- Ilmu Feng Shui mengajarkan penyeimbangan lima elemen chi untuk menciptakan hunian harmonis dan meningkatkan kesehatan penghuni.
- Penghuni rumah dapat mengobservasi kondisi warna, material, serta pencahayaan guna mengenali elemen yang berlebihan atau kurang.
- Penyesuaian bertahap pada elemen kayu, api, tanah, logam, dan air dilakukan tanpa memerlukan renovasi besar.
Suara.com - Feng Shui bukan sekadar tata ruang atau penempatan perabot semata. Ilmu kuno asal China ini menekankan keseimbangan energi atau chi di dalam hunian agar penghuninya merasakan ketenangan, kesehatan, dan kelancaran rezeki.
Salah satu pilar utamanya adalah teori lima elemen: kayu, api, tanah, logam, dan air. Kelima elemen ini saling berhubungan melalui siklus saling mendukung (sheng) dan saling mengendalikan (ke). Jika salah satu elemen terlalu dominan atau justru kurang, energi di rumah bisa terganggu dan memengaruhi suasana serta kehidupan sehari-hari.
Banyak orang mengira menerapkan Feng Shui harus dengan renovasi besar atau membeli banyak barang mahal. Padahal, menyeimbangkan lima elemen bisa dilakukan secara bertahap dengan penyesuaian sederhana.
Warna dinding, jenis material, tanaman, pencahayaan, hingga aliran air di dalam rumah semuanya berperan. Rumah yang seimbang secara elemen biasanya terasa lebih nyaman, tidak pengap secara emosional, dan mendukung produktivitas serta hubungan antar penghuni.
Di era modern, semakin banyak orang yang menyadari bahwa lingkungan fisik sangat memengaruhi mental. Stres, susah tidur, atau perasaan tidak betah di rumah sendiri sering kali bisa dilacak dari ketidakseimbangan elemen.
Artikel ini akan memandu Anda langkah demi langkah bagaimana mengenali dan menyeimbangkan kelima elemen Feng Shui di rumah. Dengan pendekatan praktis dan bisa diterapkan di rumah apa pun, Anda bisa menciptakan hunian yang lebih harmonis tanpa harus menjadi ahli Feng Shui seketika.

1. Kenali Kondisi Elemen di Rumah Anda Saat Ini
Langkah pertama adalah observasi.
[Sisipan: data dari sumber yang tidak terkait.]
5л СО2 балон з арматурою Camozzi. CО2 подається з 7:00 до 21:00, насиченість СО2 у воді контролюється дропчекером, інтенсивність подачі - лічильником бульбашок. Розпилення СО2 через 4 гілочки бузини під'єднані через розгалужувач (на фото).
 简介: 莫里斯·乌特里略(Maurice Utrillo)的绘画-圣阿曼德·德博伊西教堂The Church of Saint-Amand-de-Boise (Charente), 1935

Perhatikan warna dominan, material lantai dan furniture, jumlah tanaman, sumber cahaya, serta keberadaan air. Elemen kayu tampak dari tanaman hijau, kayu alami, dan warna hijau atau coklat muda.
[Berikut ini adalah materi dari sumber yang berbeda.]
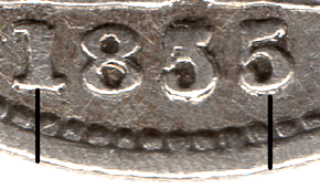 Groat 1855 A - Date: Type e The 2nd 5 is over a slightly lower 5 with only part of the under 5 showing - with a gap in the centre Both 5s are on the base line. Date width is 9 ½ (9 teeth and 1 x ½ ) [Normal spaced width] Groat 1855 A - Date: Type g Both 5's are now double struck. Both with just a small part showing below each of the 5's. Both 5s are on the base line. Date width is 9 ½ (9 teeth and 1 x ½ ) [Normal spaced width]. Date: 1855 with 5 over 3 ! Reason for this variety not to exist !

Elemen api dari warna merah, oranye, ungu, lampu terang, serta bentuk segitiga. Elemen tanah dari warna kuning, krem, coklat tanah, batu, keramik, dan bentuk persegi.
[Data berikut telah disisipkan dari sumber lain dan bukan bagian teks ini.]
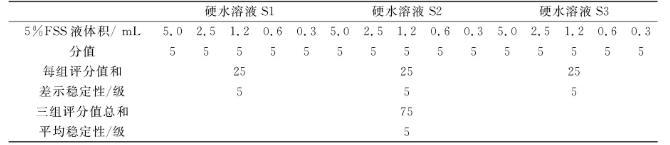 由表3知,FSS在硬水中的評分總和為75,可得出氟硅表面活性劑FSS的平均穩定性為5級,另外,FSS在硬水中的每組評分值和均為25,從差示穩定性評分標準可知,FSS的差示穩定性也為5級。綜合評定分析表明:FSS在硬水中的穩定性很好。

Elemen logam dari warna putih, abu-abu, emas, perak, serta material logam dan bentuk bulat. Elemen air dari warna biru, hitam, cermin, air mancur, atau bentuk bergelombang.
Catat mana yang berlebihan dan mana yang kurang. Rumah minimalis modern sering kekurangan kayu dan air, sementara rumah tropis kadang terlalu banyak kayu dan kurang logam.
2. Seimbangkan Elemen Kayu untuk Pertumbuhan dan Vitalitas
Elemen kayu melambangkan pertumbuhan, kesehatan, dan kreativitas. Jika kurang, tambahkan tanaman hidup di sudut ruangan, furniture kayu, atau warna hijau pada bantal dan gorden.
Hindari menaruh terlalu banyak tanaman di area yang sudah lembap agar tidak berlebihan.
Kayu juga bisa diperkuat dengan elemen air (karena air menyuburkan kayu) dan dikendalikan oleh logam jika terlalu dominan. Letakkan tanaman di ruang keluarga atau dekat jendela agar chi tumbuh dengan baik.